In case of a success, the callback will receive null as the first argument and some value as the second argument, which will depend on the specific event.
In case of a failure, the callback will receive an instance of Error as the first argument and nothing as the second argument.
The sharedLibs/utils/queue.ts module provide functions that will facilitate interactions with the message queue system (MQ).
The easiest way to setup a connection to the message queue is to call the connectWithRetry() function.
This function will keep trying to connect to the MQ, waiting 1 second between tries.
The RabbitMQ container will likelly take longer to setup up than the containers that will connect to it, which means its is expected that the connection will fail a few times before succeeding.
Detailed documentation of the available API endpoints can be found in the documentation/api/ directory.
This boilerplate is ment to be a basis for building applications and not a full featured application, thus it has minimal out of the box features.
It does come with a user account management system, which is detailed below.
NOTE: all configurations for this system are located in the config/userAccountConfig.json file.
When a user registers an account, the user's information will be temporarily stored in the cache, until the user activates the account, via the email sent to the address provided as part of the registration data.
An activation token will be generated and associated with the user's data.
This token will be stored in the cache and set to automatically expire after 24 hours.
The amount of seconds the activation token will be valid is defined in the accountRegistration.tokenDurationInSeconds property of the config file.
NOTE: the user's password is hashed before being stored in the cache.
After an account is registered, an activation email is sent to the user with an URL.
This URL is built based on the domain.*RootUrl and accountRegistration.activationRelUrl properties of the config file.
When a request is made to the relevant API endpoint with an email-token pair, the data associated with that token will be removed from the cache and an entry will be inserted into the DB, where an ID will be assigned to this user.

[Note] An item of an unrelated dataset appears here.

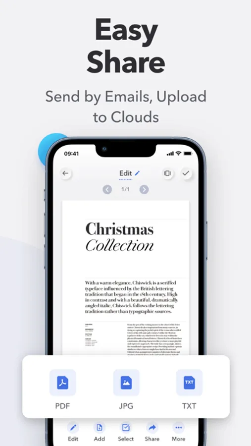 Download this app for FREE to scan documents into PDF, JPG, Txt formats, and share to Emails and iClouds.

On a successfull activation, a confirmation email will be sent to the user, with a URL to the login page.
This URL is built based on the domain.*RootUrl and accountActivation.loginRelUrl properties of the config file.

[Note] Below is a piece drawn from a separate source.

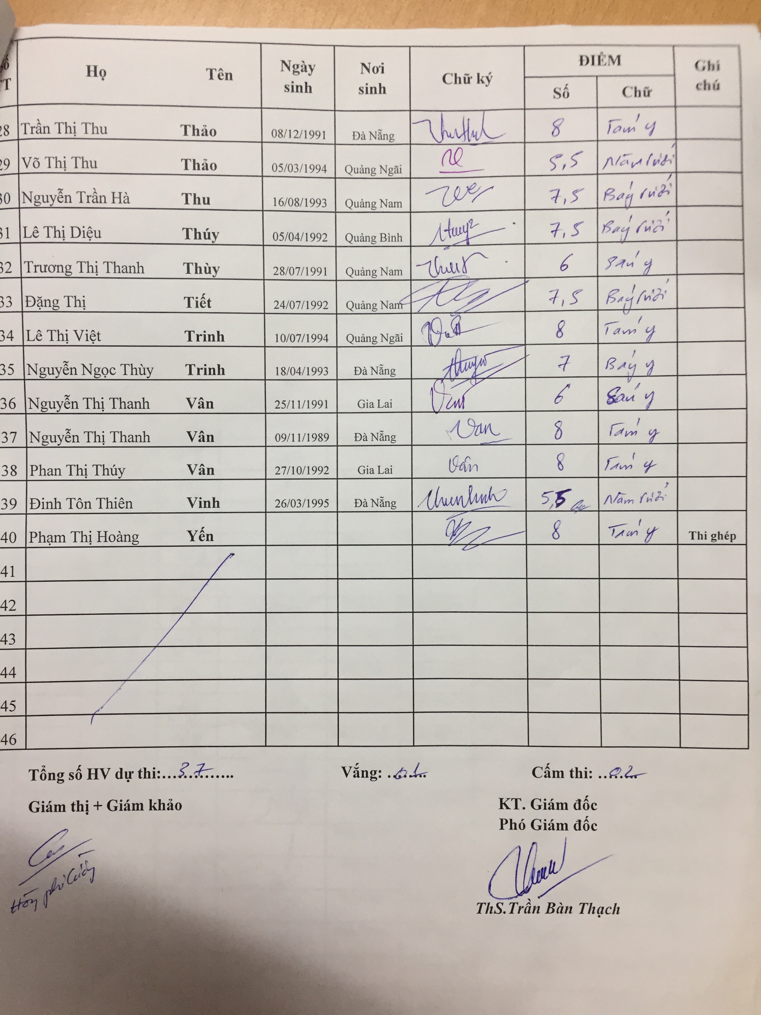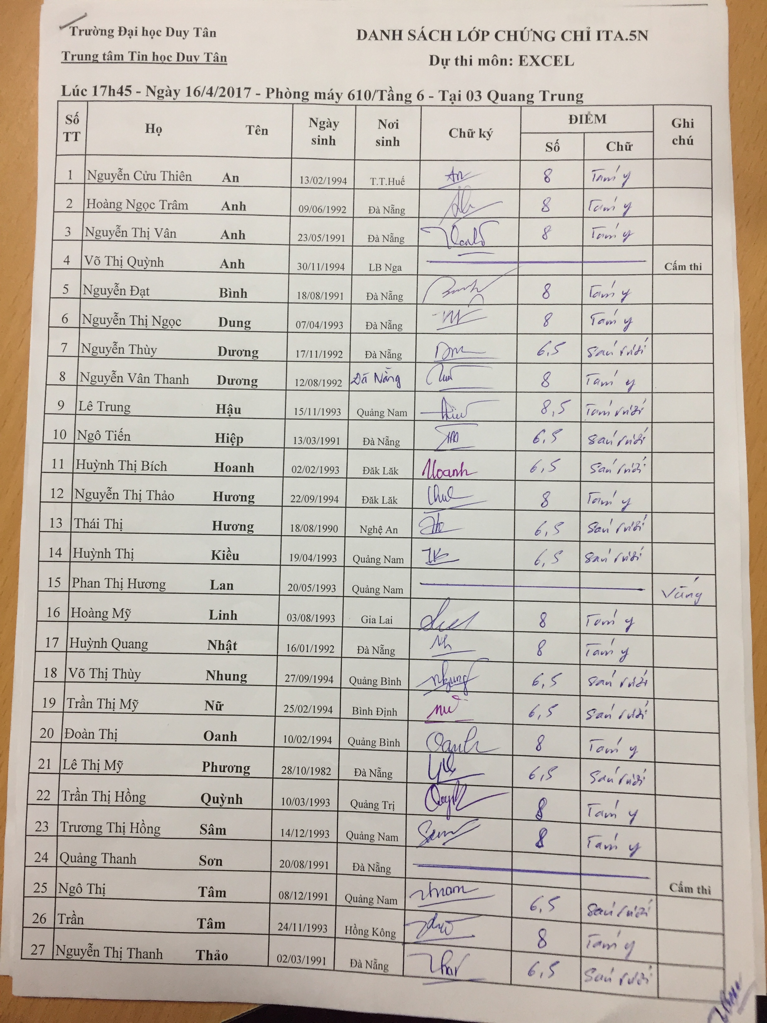 Điểm thi hết môn Excel lớp ITA.5N (21/04/2017)

When a request is made to the relevant API endpoint with an email-password pair, a session will be created to facilitate authentication in future requests.

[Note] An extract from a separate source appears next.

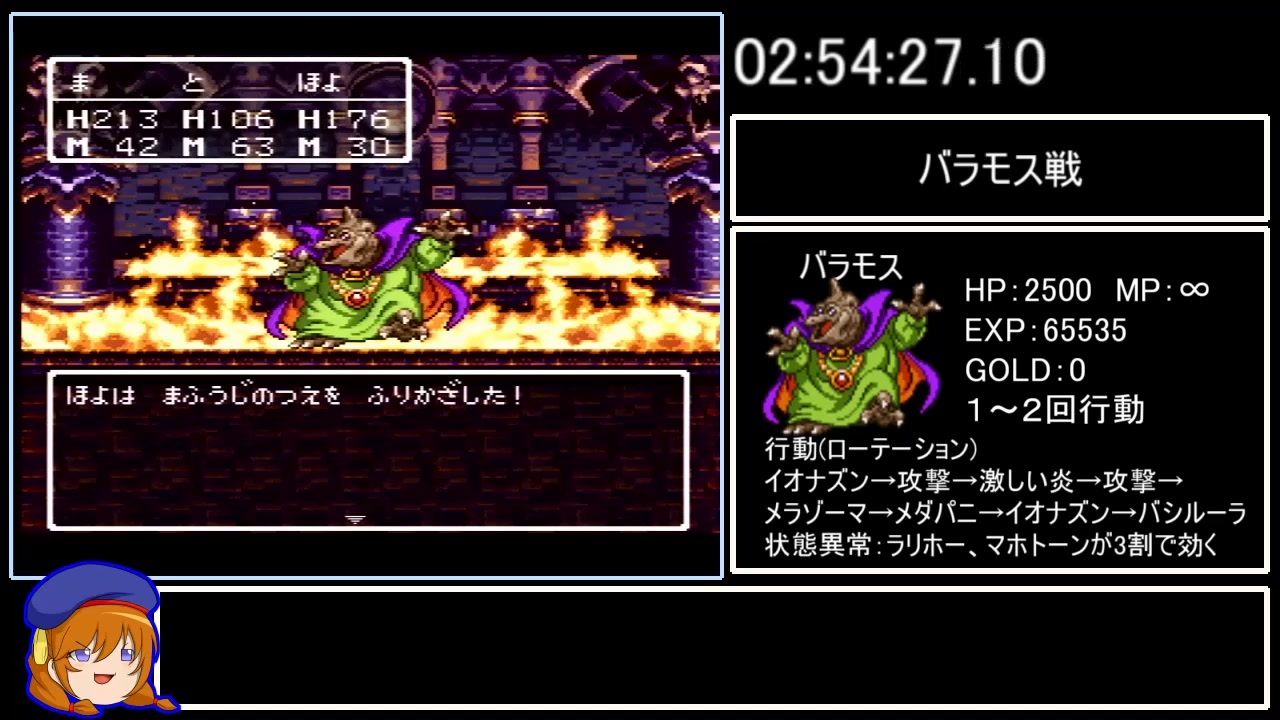 ネタばれあり。<br><br>SFC版ドラゴンクエスト3の縛りRTAです。<br>ルールは以下の通り。<br><br>ルール<br>1. アイテム増殖バグの使用禁止<br>2. パーティーの人数は3人まで<br>3. タイム計測区間は電源投入からTO BE CONTINUED TO DRAGON QUESTⅠ・Ⅱ表示 まで<br><br>インターレース解除がうまくいかず少し見づらいですが許してください。<br><br><a href="https://www.nicovideo.jp/watch/sm39903909" class="watch">sm39903909</a>←Part4|Part6→<a href="https://www.nicovideo.jp/watch/sm40033598" class="watch">sm40033598</a><br>Part1→<a href="https://www.nicovideo.jp/watch/sm39738355" class="watch">sm39738355</a><br><br>youtube版→<a href="https://youtube.com/playlist?list=PLEWji-wnXssg_0xW-_JkNgM0dGGVuZ9Mk" target="_blank" rel="noopener nofollow">https://youtube.com/playlist?list=PLEWji-wnXssg_0xW-_JkNgM0dGGVuZ9Mk</a><br><br>全然つぶやかないツイッター<br><a href="https://twitter.com/Hakusai_kkmsn" target="_blank" rel="noopener nofollow">https://twitter.com/Hakusai_kkmsn</a><br><br>この動画で利用している株式会社スクウェア・エニックスを代表とする共同著作者が権利を所有する著作物及びスギヤマ工房有限会社が権利を所有する楽曲の転載・配布は禁止いたします。<br>© 1995 ARMOR PROJECT/BIRD STUDIO/HEART BEAT/SQUARE ENIX All Rights Reserved.<br>© SUGIYAMA KOBO

The session will be stored in the cache, and set to automatically expire after 6 hours.
The amount of seconds the session will remain active is defined in the login.sessionDurationInSeconds property of the config file.
The response sent to the login HTTP request will contain a cookie with the session ID, which should be sent in all future requests.
The name of the cookie is defined in the login.cookieName property of the config file.
The session expressJS middleware, located in the webServer/middleware/session.ts file, will check if a session ID was sent with the request.
If a session ID was sent, then a check will be made to see if the user's data was changed since that session was created.
If any of the user's data was changed since then, the session will be terminated, requiring the user to login again.
When a request is made to the relevant API endpoint with an email address, a password reset token will be generated and stored in the cache, set to automatically expire after 1 hour.
The amount of seconds the token will remain valid is defined in the lostPassword.tokenDurationInSeconds property of the config file.
An email will be sent to that address with a URL to the page where the user can insert the new password.
This URL is built based on the domain.*RootUrl and lostPassword.pwResetRelUrl properties of the config file.
NOTE: if all the code runs, the response to the HTTP request will always have a status code of 200 whether an activated user account exists for the provided email address or not.
When a request is made to the relevant API endpoint, the new password will be hashed and the associated user data in the DB will be updated.
On a successfull update, a confirmation email will be sent to the user.